Here, some of the difficulties in getting a valid study are caused by a wide spread in the DES dosages mothers got, in the time in pregnancy when they got it, and for how long they took it. Some mothers began in the classic Smith & Smith regimen of four pills a day, increasing every two weeks until at the end – the 37th week – they were taking 125 mg. per day. This meant the DES-exposed daughter or son had DES during the critical developmental stages of his or her fetus. Other mothers had DES only in the last months, after most development had occurred and fetal life was concentrated on growth.

One 1983 research paper by Vessey, et al stated that, “sex hormones are, however, known to have effects on the organization of the brain in experimental animals with consequential behavioural effects.” Another, often cited, 1982 study by Melissa Hines, et al reported that female rats exposed to DES had altered features of childhood social play and “increased masculine mounting behavior,” while other researchers (Monroe and Silva) noted that same year a decrease in mounting behavior in adult male rats who had been exposed to DES.

Thus, it is apparent that DES did reach the fetal brain in these animals. In an ordinary human pregnancy, the mother’s estrogen does not reach the fetal brain. We do not know if DES did reach the brain and, if it did, whether it could influence brain development. There may be protective factors in humans so that DES would not have the same effects as it has shown in lower mammals. We have seen reports on animal models that similar environmental estrogens can significantly alter the normal biological process of sex and gender differentiation in the brain. Perhaps DES also has had these effects in humans.Yet Theo Colborn and her collaborators, in Our Stolen Future, write that

“Reports linking wildlife contamination with such unexpected behaviors as females sharing nests and feminized males inevitably raise questions about human parenting and sexual choice. Could hormone disruption alter these human attributes? The science on this is slender indeed. While emerging evidence suggests that variations in sexual preference may stem from differences in biology, scientists have only a dim understanding of the factors involved…”

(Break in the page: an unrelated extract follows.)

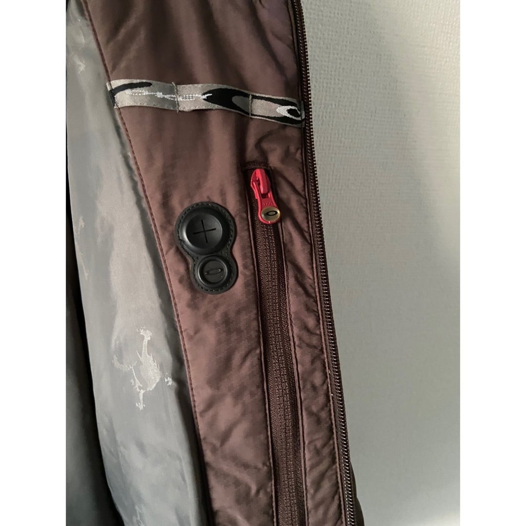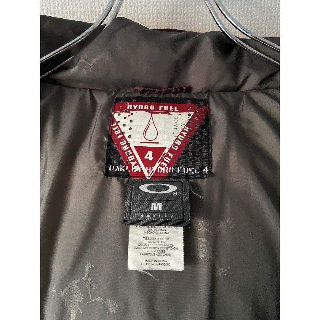 かなり高めに設定された首元 ボリューミーなマグネット付きのフーディー 被ると内側に水色のオークリーロゴ フロント誘いにもあります

Our readers may recall in our Spring 2003 issue #96 we summarized an article from the Journal of Epidemiology on psychosexual characteristics of DES Daughters and Sons. The data came from the survey of the ongoing study group followed now at the National Cancer Institute for nearly 30 years. Questionnaires were analyzed from 3,946 DES Daughters and 1,761 unexposed women and from 1,343 Sons and 1,356 unexposed men. Results showed that 95% of the subjects, male and female, whether exposed or not, reported exclusively heterosexual partners. One percent of all respondents, exposed or not, reported “mostly same sex.” On possible psychological effects, where questions were only asked of the women, 16% of the DES Daughters and 17% of non-exposed women reported diagnosis and treatment for mental illness – with depression accounting for 78% of the illnesses.

Without a doubt, more research is needed. We conclude with what a scientist once wrote, “Absence of evidence is not evidence of absence.”